**PROBLEM STATEMENT:** Copy the lines from the start of the records below through the line containing "Welcome to this", both included, and leave out the pictures.
(RECORDS FOR PROCESSING)
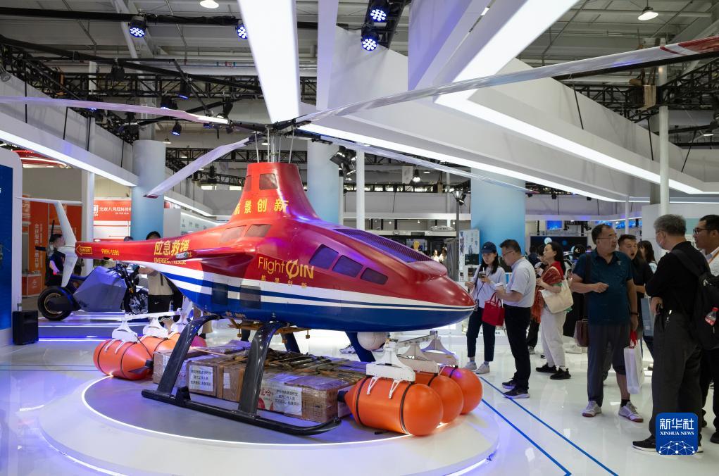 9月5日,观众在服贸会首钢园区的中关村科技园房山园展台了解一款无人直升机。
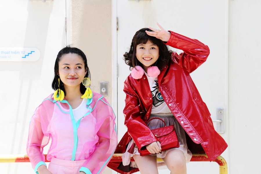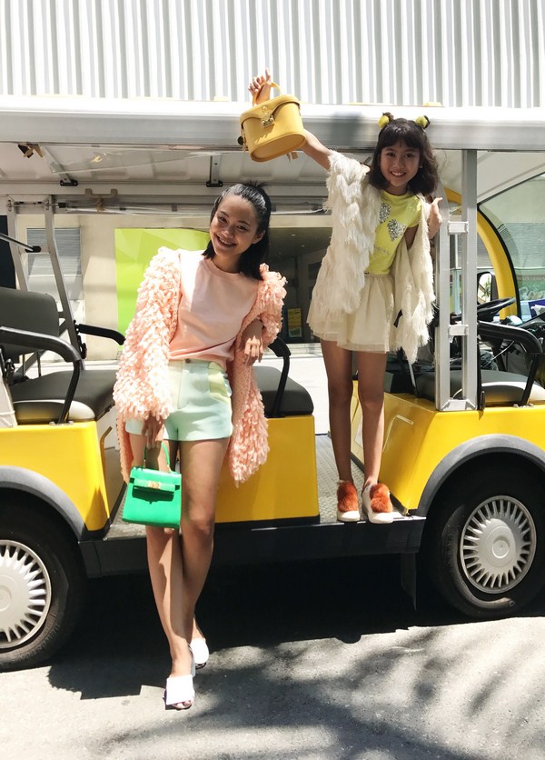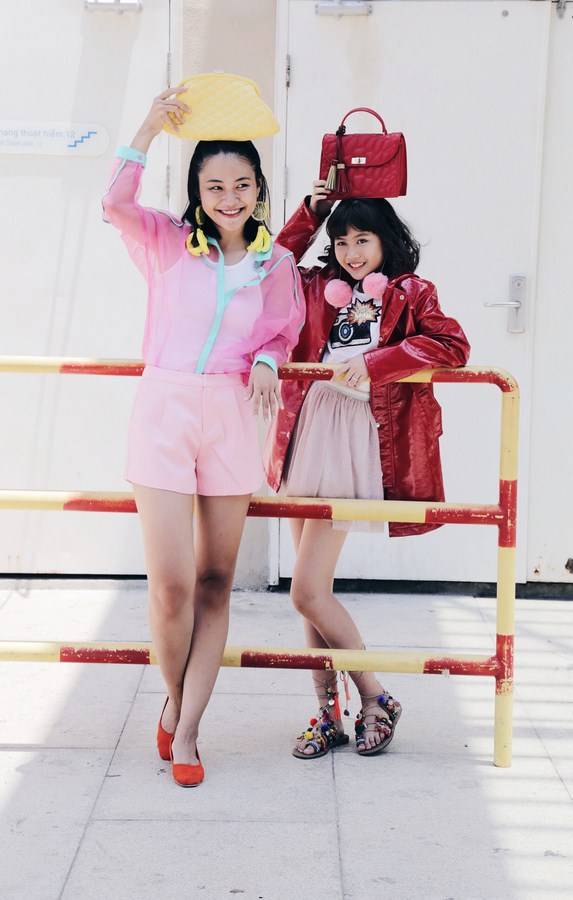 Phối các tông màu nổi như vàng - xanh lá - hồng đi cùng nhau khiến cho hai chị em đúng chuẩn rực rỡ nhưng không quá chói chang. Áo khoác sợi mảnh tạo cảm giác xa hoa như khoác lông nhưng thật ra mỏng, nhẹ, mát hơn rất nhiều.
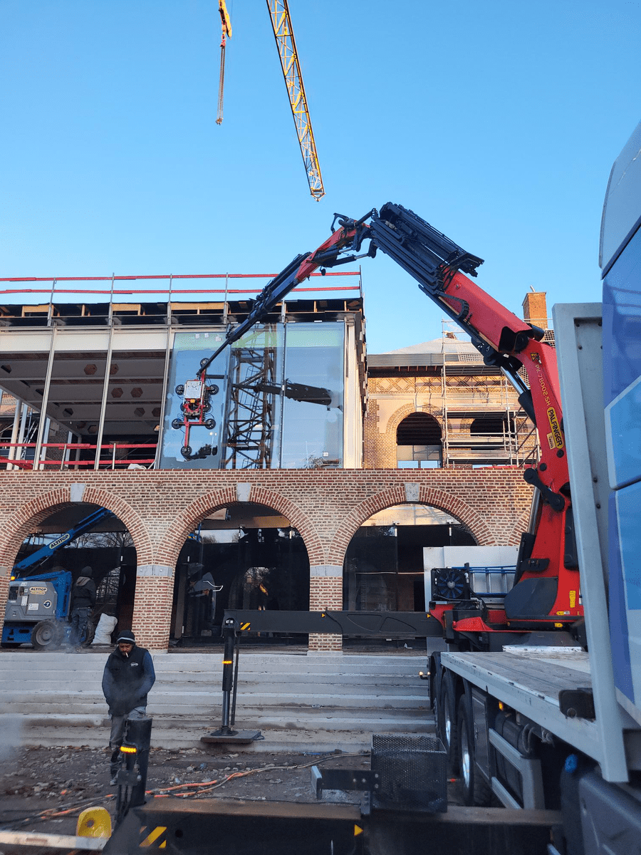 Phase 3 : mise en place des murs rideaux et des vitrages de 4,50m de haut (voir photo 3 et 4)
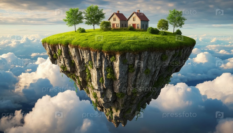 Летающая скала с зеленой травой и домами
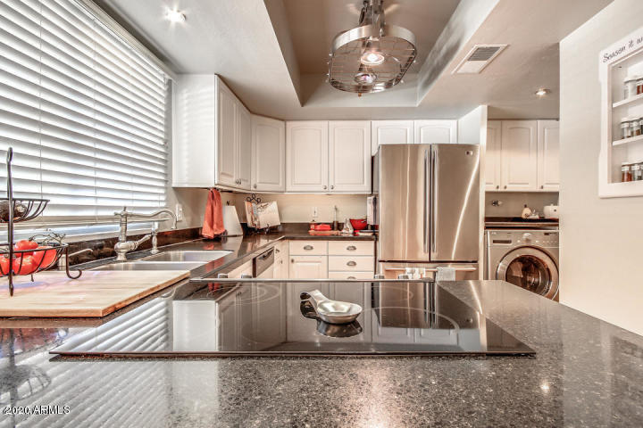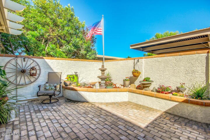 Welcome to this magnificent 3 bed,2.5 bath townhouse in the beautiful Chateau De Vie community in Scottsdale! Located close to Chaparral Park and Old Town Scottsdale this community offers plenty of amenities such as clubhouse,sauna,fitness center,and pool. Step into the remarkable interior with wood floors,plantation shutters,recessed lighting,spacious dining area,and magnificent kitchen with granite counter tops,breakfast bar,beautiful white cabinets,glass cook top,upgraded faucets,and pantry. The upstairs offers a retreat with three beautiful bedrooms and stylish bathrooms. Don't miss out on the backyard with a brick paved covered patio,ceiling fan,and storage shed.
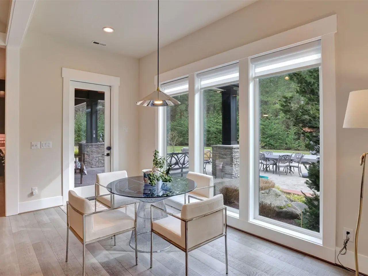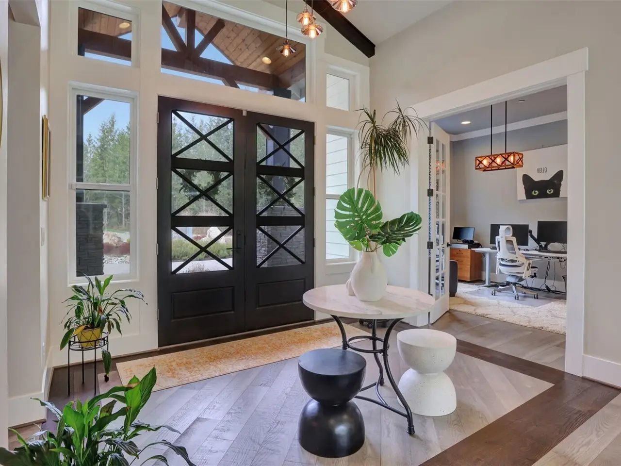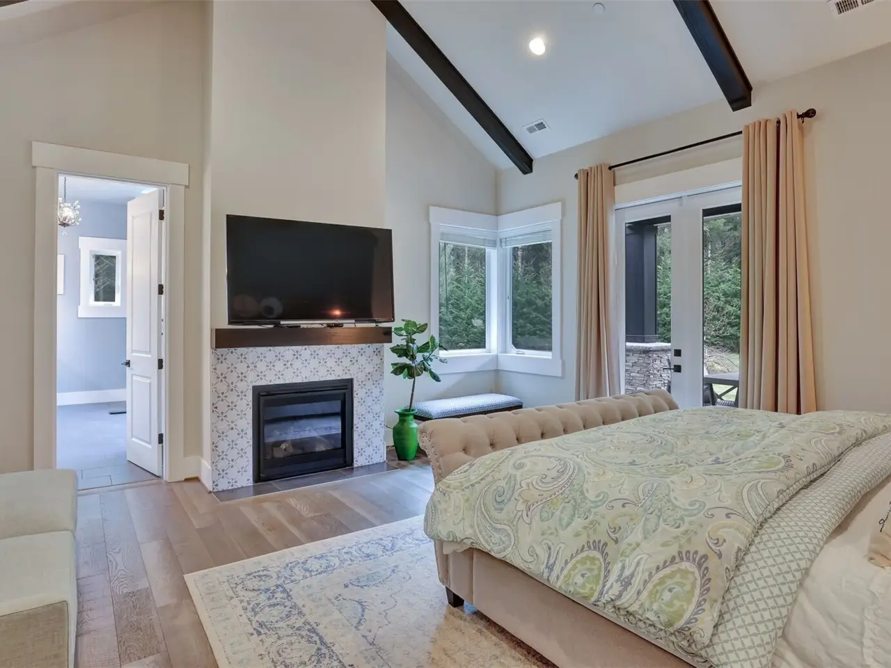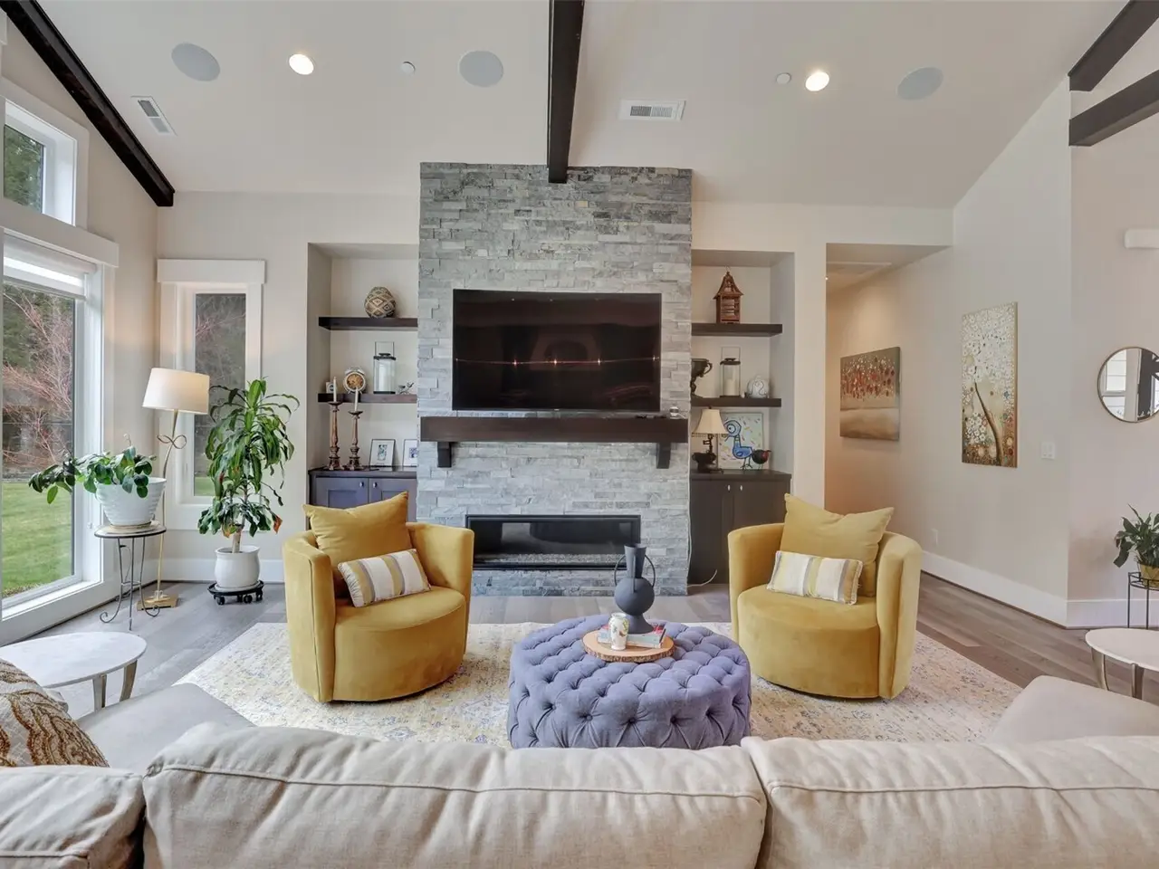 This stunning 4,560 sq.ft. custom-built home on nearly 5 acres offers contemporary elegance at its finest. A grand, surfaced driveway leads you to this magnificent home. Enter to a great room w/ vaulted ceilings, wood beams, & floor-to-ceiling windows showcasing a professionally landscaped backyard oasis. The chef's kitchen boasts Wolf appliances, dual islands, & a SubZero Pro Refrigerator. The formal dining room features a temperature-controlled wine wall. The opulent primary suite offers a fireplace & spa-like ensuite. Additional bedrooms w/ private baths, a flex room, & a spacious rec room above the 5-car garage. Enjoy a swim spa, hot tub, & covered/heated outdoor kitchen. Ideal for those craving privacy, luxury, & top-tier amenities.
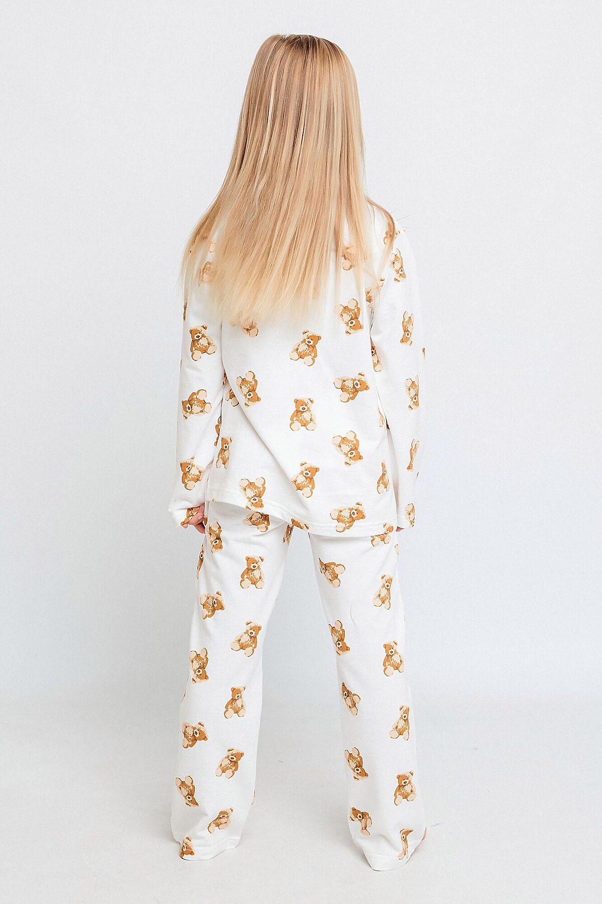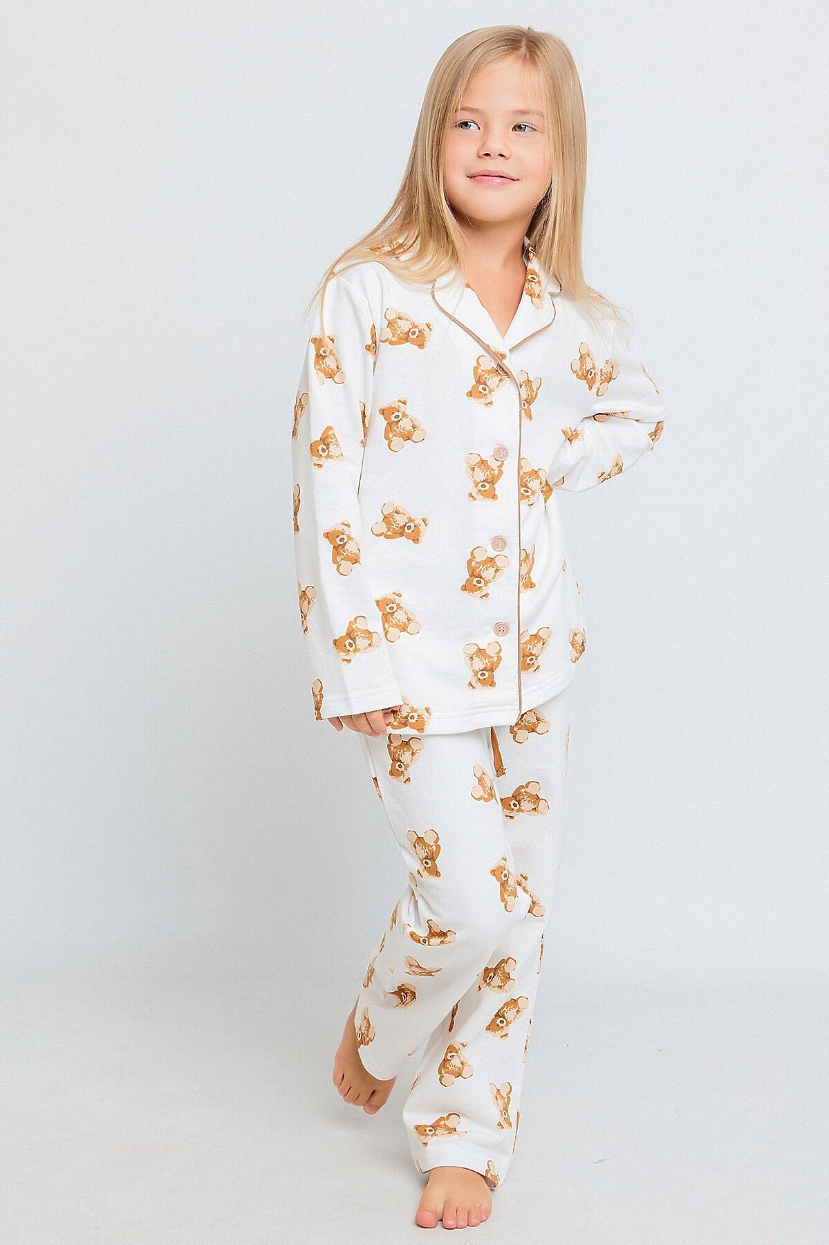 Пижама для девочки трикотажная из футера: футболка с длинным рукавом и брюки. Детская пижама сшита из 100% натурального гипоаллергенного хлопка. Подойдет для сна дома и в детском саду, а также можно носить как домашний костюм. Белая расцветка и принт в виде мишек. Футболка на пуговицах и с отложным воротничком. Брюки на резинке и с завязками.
(End RECORDS FOR PROCESSING)
**ANSWER:**
 9月5日,观众在服贸会首钢园区的中关村科技园房山园展台了解一款无人直升机。
 Phối các tông màu nổi như vàng - xanh lá - hồng đi cùng nhau khiến cho hai chị em đúng chuẩn rực rỡ nhưng không quá chói chang. Áo khoác sợi mảnh tạo cảm giác xa hoa như khoác lông nhưng thật ra mỏng, nhẹ, mát hơn rất nhiều.
 Phase 3 : mise en place des murs rideaux et des vitrages de 4,50m de haut (voir photo 3 et 4)
 Летающая скала с зеленой травой и домами
 Welcome to this magnificent 3 bed,2.5 bath townhouse in the beautiful Chateau De Vie community in Scottsdale! Located close to Chaparral Park and Old Town Scottsdale this community offers plenty of amenities such as clubhouse,sauna,fitness center,and pool. Step into the remarkable interior with wood floors,plantation shutters,recessed lighting,spacious dining area,and magnificent kitchen with granite counter tops,breakfast bar,beautiful white cabinets,glass cook top,upgraded faucets,and pantry. The upstairs offers a retreat with three beautiful bedrooms and stylish bathrooms. Don't miss out on the backyard with a brick paved covered patio,ceiling fan,and storage shed.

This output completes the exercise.